As Tambay so rightly said when the New York Film Festival last fall announced that it would present a brand new restoration of Ousmane Sembene’s "Black Girl" (here), the film (original French title, "La noire de…") is "rich with symbolism and complexities that are essentially reactions to, and analysis of, the cultural legacy of colonialism – a recurrent theme you’ll find in much of Sembène’s work, as well as commentary on the untapped strength and abilities of African women."
What starts out as a deceptively simple story about a young Senegalese woman, Diouana (played by Thérèse M’Bisine Diop), who works as nanny for a couple and whose hopes of an exciting life in France are dashed when her white employers expect her to work as their servant, transcends its premise to become an uncompromising and powerful portrait of the everlasting and tragic consequences of colonialism.
Though it was not Sembene’s first film, it was the film that brought him into the international spotlight as an important filmmaker, as well has heralding the emergence of an African cinema that was mostly unknown.
And now, just in time with BFI Home Video’s release of "Black Girl" on a duel Blu-ray and standard DVD package, a new 4k restoration from the original camera and sound negatives via Janus Films is hitting theaters around the country. BAMcinematek in Brooklyn NYC will house a 1-week run of the film from May 18 to May 24, 2016. It’ll screen with "Borom Sarret" (1963), Sembène’s first film.
The Blu-ray will also include "Borom Sarret," which is credited as the first film made by an African filmmaker. However that claim needs a little history lesson – if you don’t mind.

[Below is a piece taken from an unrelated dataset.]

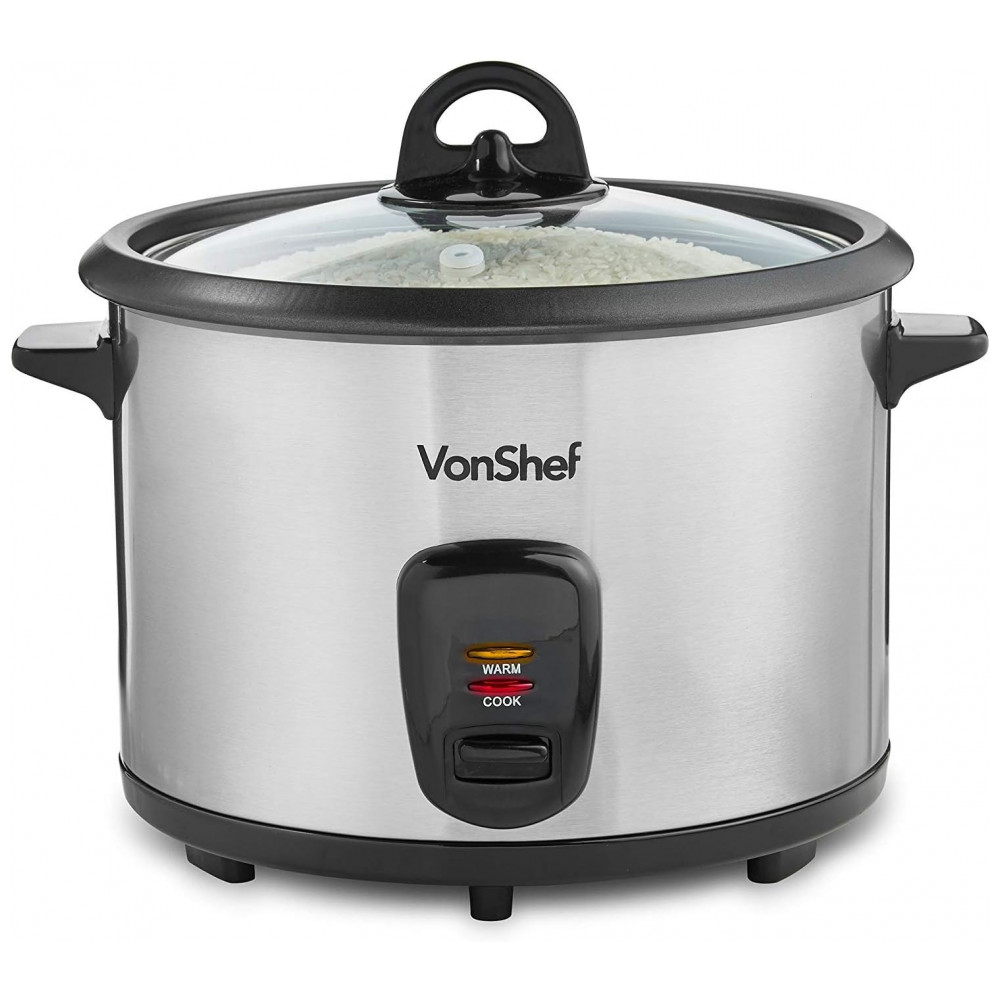 Vonshef Panela de Arroz Elétrica 1.8L Multifuncional com Desligamento Automático, 700W, 110v, DYNASTAR 13343, Prateado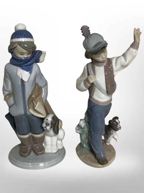 A Lladró figure, 'Wednesday's Child', No. 6015, and a further figure of a boy in winter clothing with a dog at his feet.

One can argue that the first film actually made by an African filmmaker was the short "C’etait il y a quatre ans" ("That Was Four Years Ago"), directed by Beninese/Senegalese film director and historian Paulin Soumanou Vieyra in 1954, which he followed up with "Afrique-sur-Seine," another short film in 1955. But both of those films were made in Paris, while "Borom Serrat" was the film first to be made in Africa by a black African filmmaker.
Though again, there were Egyptian commercial films made during the 1950’s by Egyptian filmmakers and Egypt is in Africa right? So talk about splitting hairs.
Regardless, "Borom Sarret" was Sembene’s first film, which displayed a remarkable talent and a bold indication of the great films to come, and which is an "allegorical" tale exploring poverty and inequality as it charts a day in the life of a hard-up cart driver in Dakar, whose good deeds are rewarded with great injustice.
On the BFI DVD, both films will be presented in the new 4K restoration, and among the extras included will be theatrical and alternative color-sequence versions of "Black Girl," as well as "Snatches of a Conversation" with actress M’Bissine Thérèse Diop, the documentary "The Making of African Cinema" on the work of Sembene, and an illustrated chronology of the director’s life in film.
However, there is a catch; and that of course is that the BFI DVD, being a British release, means that it is a locked region "B" disc; so unless you have a mutil-region DVD player, you will not be able to play it on your regular domestic (American) DVD blu-ray or standard player.
Hopefully Criterion, or another similar DVD label that regularly releases classic foreign films here in the States, will release it sometime next year.
In the meantime, if you live in NYC, go see "Black Girl" – the new 4K restoration – on the big screen, in May, when it’ll have a 1-week run at BAM. As it screens in other cities, we will alert you.